-- Data for this task follows --
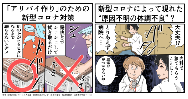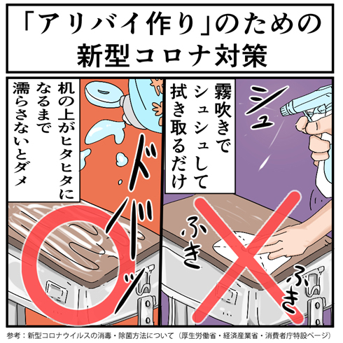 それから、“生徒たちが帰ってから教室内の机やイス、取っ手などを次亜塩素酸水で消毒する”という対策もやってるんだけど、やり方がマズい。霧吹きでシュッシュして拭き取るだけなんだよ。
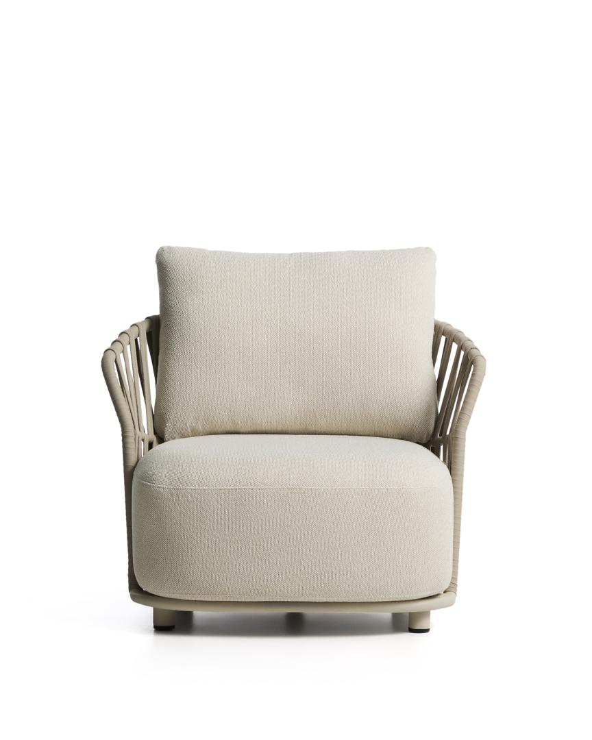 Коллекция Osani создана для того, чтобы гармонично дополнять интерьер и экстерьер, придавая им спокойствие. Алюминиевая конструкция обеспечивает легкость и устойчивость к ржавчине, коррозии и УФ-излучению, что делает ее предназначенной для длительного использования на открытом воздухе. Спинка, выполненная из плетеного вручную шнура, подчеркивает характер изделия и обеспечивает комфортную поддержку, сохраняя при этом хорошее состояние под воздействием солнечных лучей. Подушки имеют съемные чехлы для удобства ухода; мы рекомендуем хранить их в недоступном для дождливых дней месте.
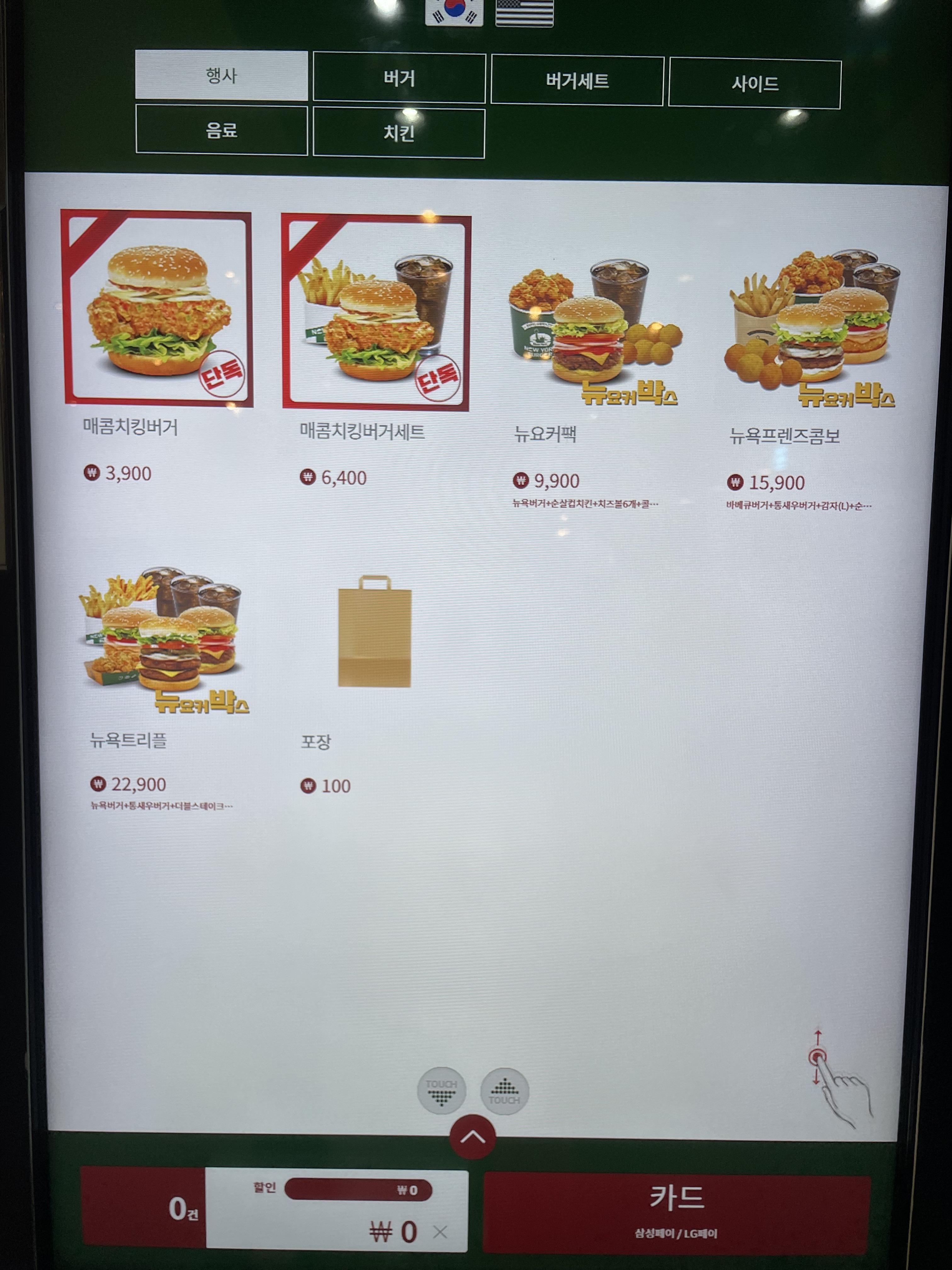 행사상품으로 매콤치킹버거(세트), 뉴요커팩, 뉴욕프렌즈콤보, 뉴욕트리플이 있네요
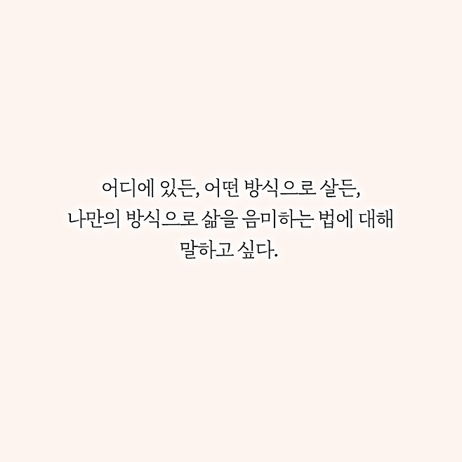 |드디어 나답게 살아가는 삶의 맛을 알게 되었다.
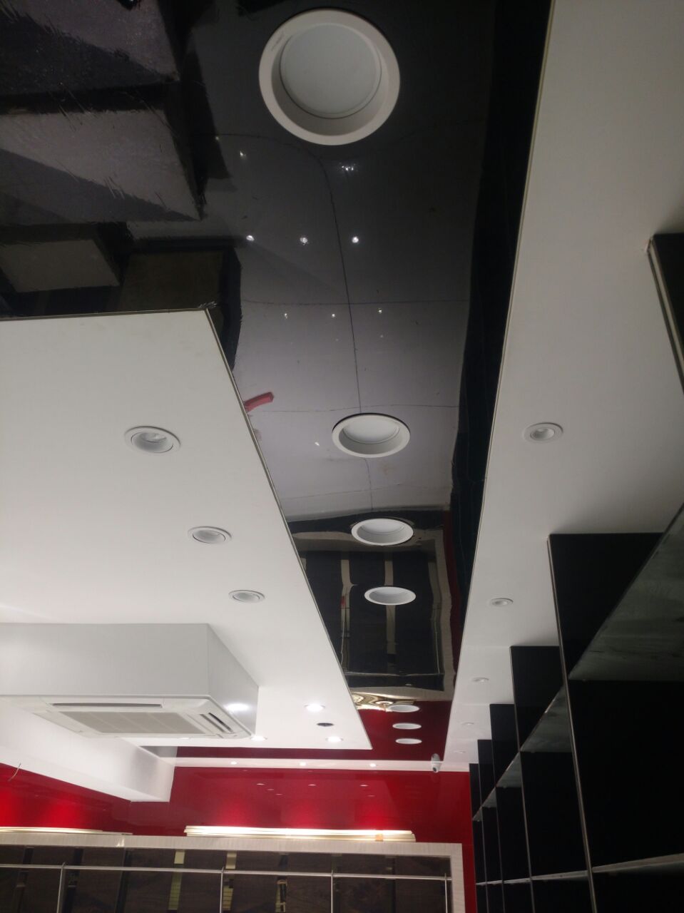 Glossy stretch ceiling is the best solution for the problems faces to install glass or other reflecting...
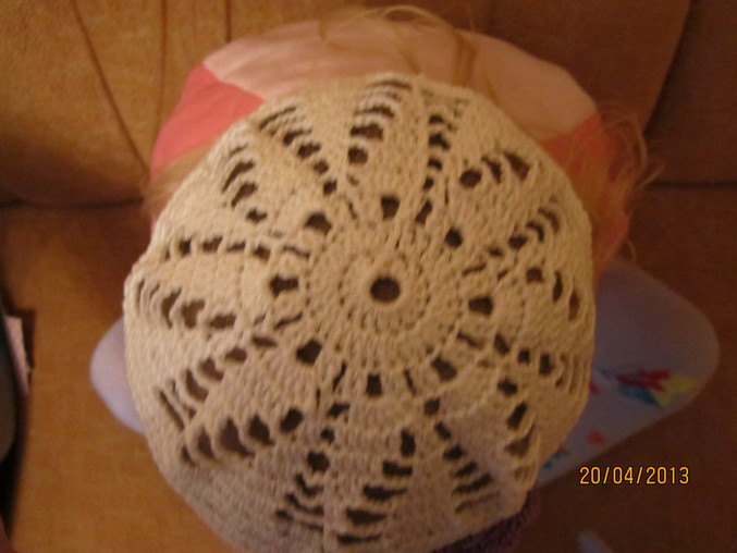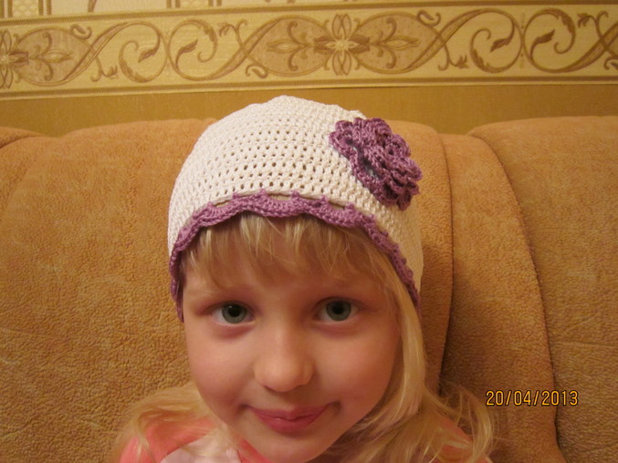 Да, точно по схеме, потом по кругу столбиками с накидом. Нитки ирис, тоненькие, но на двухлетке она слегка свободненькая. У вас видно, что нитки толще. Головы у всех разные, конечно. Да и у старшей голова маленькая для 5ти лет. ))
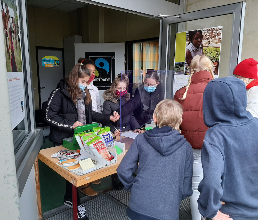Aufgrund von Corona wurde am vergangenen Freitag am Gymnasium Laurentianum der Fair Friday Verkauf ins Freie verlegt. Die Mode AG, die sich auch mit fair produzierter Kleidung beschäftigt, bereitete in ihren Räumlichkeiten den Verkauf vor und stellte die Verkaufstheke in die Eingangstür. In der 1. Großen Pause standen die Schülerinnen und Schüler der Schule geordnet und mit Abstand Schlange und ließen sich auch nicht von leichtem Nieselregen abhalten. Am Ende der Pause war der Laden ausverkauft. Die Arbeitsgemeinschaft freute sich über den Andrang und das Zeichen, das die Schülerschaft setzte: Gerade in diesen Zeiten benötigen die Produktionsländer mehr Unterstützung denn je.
-- Data for this task concluded --
◆ Problem details: From the first line to the last, repeat the records exactly. Leave out the pictures.

◆ Response to the task:
 それから、“生徒たちが帰ってから教室内の机やイス、取っ手などを次亜塩素酸水で消毒する”という対策もやってるんだけど、やり方がマズい。霧吹きでシュッシュして拭き取るだけなんだよ。
 Коллекция Osani создана для того, чтобы гармонично дополнять интерьер и экстерьер, придавая им спокойствие. Алюминиевая конструкция обеспечивает легкость и устойчивость к ржавчине, коррозии и УФ-излучению, что делает ее предназначенной для длительного использования на открытом воздухе. Спинка, выполненная из плетеного вручную шнура, подчеркивает характер изделия и обеспечивает комфортную поддержку, сохраняя при этом хорошее состояние под воздействием солнечных лучей. Подушки имеют съемные чехлы для удобства ухода; мы рекомендуем хранить их в недоступном для дождливых дней месте.
 행사상품으로 매콤치킹버거(세트), 뉴요커팩, 뉴욕프렌즈콤보, 뉴욕트리플이 있네요
 |드디어 나답게 살아가는 삶의 맛을 알게 되었다.
 Glossy stretch ceiling is the best solution for the problems faces to install glass or other reflecting...
 Да, точно по схеме, потом по кругу столбиками с накидом. Нитки ирис, тоненькие, но на двухлетке она слегка свободненькая. У вас видно, что нитки толще. Головы у всех разные, конечно. Да и у старшей голова маленькая для 5ти лет. ))
Aufgrund von Corona wurde am vergangenen Freitag am Gymnasium Laurentianum der Fair Friday Verkauf ins Freie verlegt. Die Mode AG, die sich auch mit fair produzierter Kleidung beschäftigt, bereitete in ihren Räumlichkeiten den Verkauf vor und stellte die Verkaufstheke in die Eingangstür. In der 1. Großen Pause standen die Schülerinnen und Schüler der Schule geordnet und mit Abstand Schlange und ließen sich auch nicht von leichtem Nieselregen abhalten. Am Ende der Pause war der Laden ausverkauft. Die Arbeitsgemeinschaft freute sich über den Andrang und das Zeichen, das die Schülerschaft setzte: Gerade in diesen Zeiten benötigen die Produktionsländer mehr Unterstützung denn je.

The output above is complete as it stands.